(PROVIDED RECORDS begins)

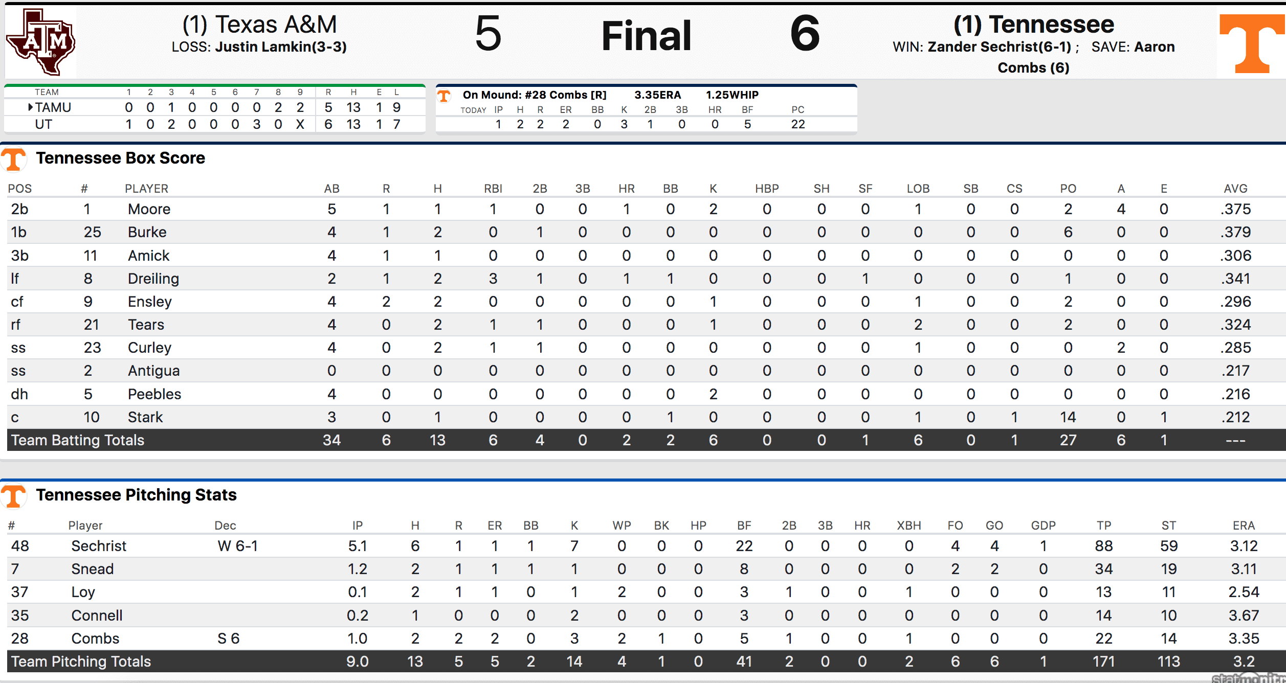 Then Texas A&M’s top reliever Evan Aschenbeck retired Moore and Burke on two pitches to start the inning. But that’s when Tennessee got going.
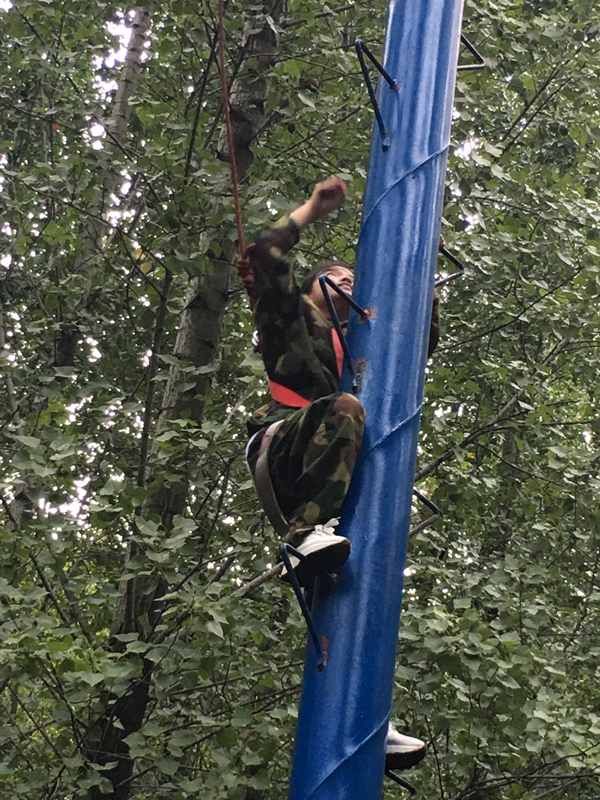 面對***后的逃生墻時,大家甘當人梯的精神,深深的感動了我,大家干勁十足,在吶喊的加油聲中,男生們努力的抓住每一雙手,我們踩在他們的背上,膝蓋上不斷的攀爬,那一刻他們用自己的臂膀支撐著我們完成***后的挑戰!
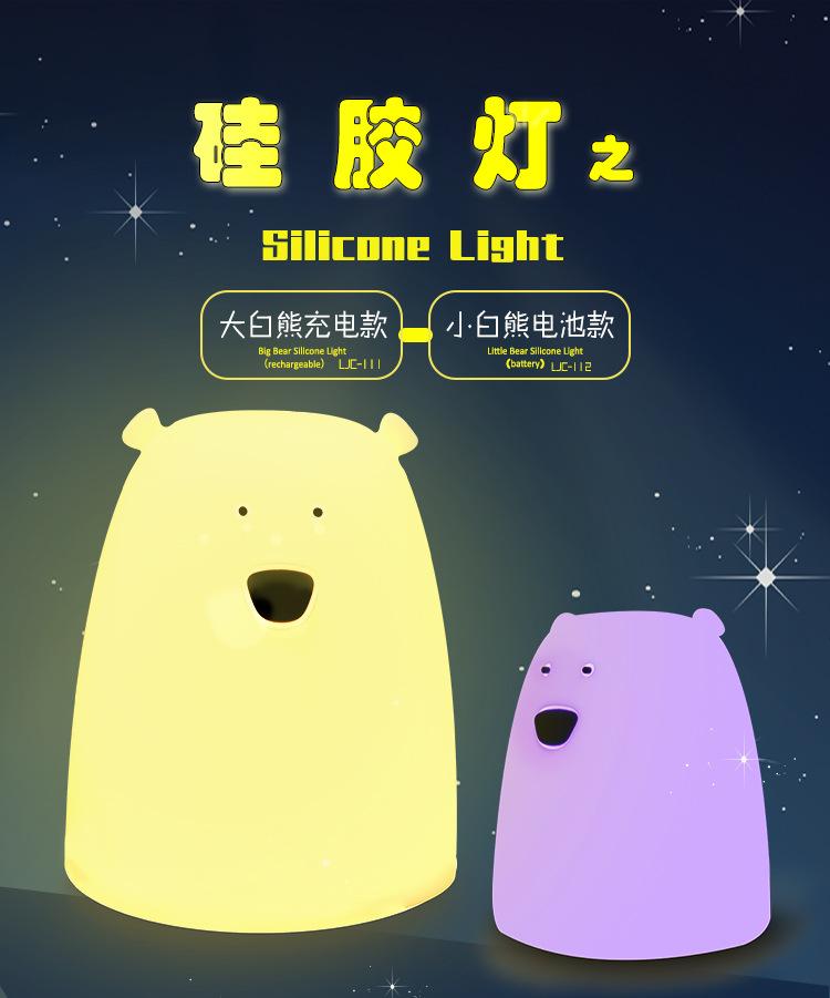 [Nome do Produto] Luminária de silicone Little White Bear (tipo bateria)
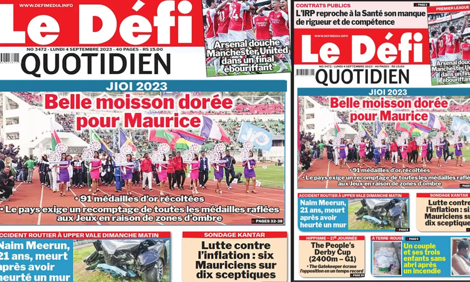 Voici la une du Défi Quotidien de ce Lundi 04 Septembre 2023
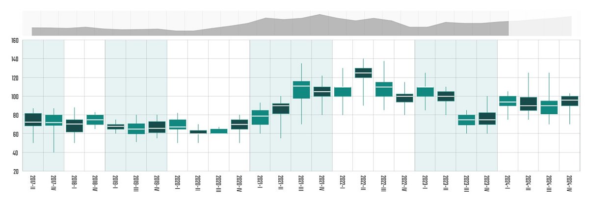 Tudi GIS, ki v sredini posameznega četrtletja zbira in vodi odkupne cene GLS po kakovostnih razredih, je v letu 2024 zaznal znižanje cen pri večini GLS. Edino zvišanje cen je bilo zabeleženo pri hlodih hrasta, vseh kakovostnih razredov z izjemo najnižjega (D) in ti dosegajo rekordno vrednost. Zvišanje je bilo zabeleženo še pri hlodih smreke, saj je povprečna cena v letu 2024 za 2 % višja od cene v letu 2023. Cene hlodov smreke, jelke in rdečega bora so sicer primerljive z letom 2021. Srednja vrednost hlodov smreke kakovostnega razreda A je v letu 2024 znašala 131 EUR/m3, kakovostnega razreda B 100 EUR/m3, kakovostnega razreda C 93 EUR/m3, kakovostnega razreda D1 72 EUR/m3 ter kakovostnega razreda D2 59 EUR/m3. Povprečna cena hlodov jelke je bila v letu 2024 za 11 EUR/m3 nižja od povprečne cene hlodov smreke, največja razlika je pri hlodih najboljše kakovosti (29 EUR/m3). Pri rdečem boru pa je povprečna cena hlodov za 27 EUR/m3 nižja od hlodov smreke, prav tako je največja razlika pri hlodih kakovostnega razreda A, in sicer 49 EUR/m3. Cene bukovih hlodov so tudi v letu 2024 ostale visoke, kljub temu da so se v povprečju znižale za 6 % v primerjavi z letom 2023. Pri tem so se najbolj znižale cene kakovostnega razreda D, katerega srednja vrednost je v letu 2024 znašala 69 EUR/m3. Cene hlodov hrasta so bile tudi v letu 2024 rekordne; najvišje smo zabeležili v avgustu, ko je srednja vrednost kakovostnega razreda F1 znašala 500 EUR/m3, najnižjega kakovostnega razreda D pa 110 EUR/m3. Za leto 2024 so bile značilne nizke cene industrijskega lesa namenjenega za proizvodnjo kompozitnih plošč, mehanske celuloze in kemikalij. Te so bile za celulozni les in brusni les iglavcev dokaj konstantne, pri lesu za plošče listavcev pa so se predvsem ob koncu leta izrazito znižale. V novembru je tako cena bukovega lesa za plošče znašala 43 EUR/m3 in je bila najnižja po maju leta 2020. V primerjavi z letom 2023 so se znižale tudi cene lesa za kurjavo; srednja vrednost je za bukev znašala 63 EUR/m3, za ostale trde listavce pa 53 EUR/m3, kar je v obeh primerih 11 % manj kot v letu 2023 in 5 % manj kot v letu 2022. Odkupne cene GLS, ki jih spremlja GIS, so ažurno objavljene na prosto dostopnem spletnem portalu WoodChainManager (WCM) / InfoGozd pod rubriko Podatki / Cene.

(PROVIDED RECORDS ends)

## TRY IT
Please reproduce every record exactly as written, excluding the pictures.

## SOLUTION BELOW
 Then Texas A&M’s top reliever Evan Aschenbeck retired Moore and Burke on two pitches to start the inning. But that’s when Tennessee got going.
 面對***后的逃生墻時,大家甘當人梯的精神,深深的感動了我,大家干勁十足,在吶喊的加油聲中,男生們努力的抓住每一雙手,我們踩在他們的背上,膝蓋上不斷的攀爬,那一刻他們用自己的臂膀支撐著我們完成***后的挑戰!
 [Nome do Produto] Luminária de silicone Little White Bear (tipo bateria)
 Voici la une du Défi Quotidien de ce Lundi 04 Septembre 2023
 Tudi GIS, ki v sredini posameznega četrtletja zbira in vodi odkupne cene GLS po kakovostnih razredih, je v letu 2024 zaznal znižanje cen pri večini GLS. Edino zvišanje cen je bilo zabeleženo pri hlodih hrasta, vseh kakovostnih razredov z izjemo najnižjega (D) in ti dosegajo rekordno vrednost. Zvišanje je bilo zabeleženo še pri hlodih smreke, saj je povprečna cena v letu 2024 za 2 % višja od cene v letu 2023. Cene hlodov smreke, jelke in rdečega bora so sicer primerljive z letom 2021. Srednja vrednost hlodov smreke kakovostnega razreda A je v letu 2024 znašala 131 EUR/m3, kakovostnega razreda B 100 EUR/m3, kakovostnega razreda C 93 EUR/m3, kakovostnega razreda D1 72 EUR/m3 ter kakovostnega razreda D2 59 EUR/m3. Povprečna cena hlodov jelke je bila v letu 2024 za 11 EUR/m3 nižja od povprečne cene hlodov smreke, največja razlika je pri hlodih najboljše kakovosti (29 EUR/m3). Pri rdečem boru pa je povprečna cena hlodov za 27 EUR/m3 nižja od hlodov smreke, prav tako je največja razlika pri hlodih kakovostnega razreda A, in sicer 49 EUR/m3. Cene bukovih hlodov so tudi v letu 2024 ostale visoke, kljub temu da so se v povprečju znižale za 6 % v primerjavi z letom 2023. Pri tem so se najbolj znižale cene kakovostnega razreda D, katerega srednja vrednost je v letu 2024 znašala 69 EUR/m3. Cene hlodov hrasta so bile tudi v letu 2024 rekordne; najvišje smo zabeležili v avgustu, ko je srednja vrednost kakovostnega razreda F1 znašala 500 EUR/m3, najnižjega kakovostnega razreda D pa 110 EUR/m3. Za leto 2024 so bile značilne nizke cene industrijskega lesa namenjenega za proizvodnjo kompozitnih plošč, mehanske celuloze in kemikalij. Te so bile za celulozni les in brusni les iglavcev dokaj konstantne, pri lesu za plošče listavcev pa so se predvsem ob koncu leta izrazito znižale. V novembru je tako cena bukovega lesa za plošče znašala 43 EUR/m3 in je bila najnižja po maju leta 2020. V primerjavi z letom 2023 so se znižale tudi cene lesa za kurjavo; srednja vrednost je za bukev znašala 63 EUR/m3, za ostale trde listavce pa 53 EUR/m3, kar je v obeh primerih 11 % manj kot v letu 2023 in 5 % manj kot v letu 2022. Odkupne cene GLS, ki jih spremlja GIS, so ažurno objavljene na prosto dostopnem spletnem portalu WoodChainManager (WCM) / InfoGozd pod rubriko Podatki / Cene.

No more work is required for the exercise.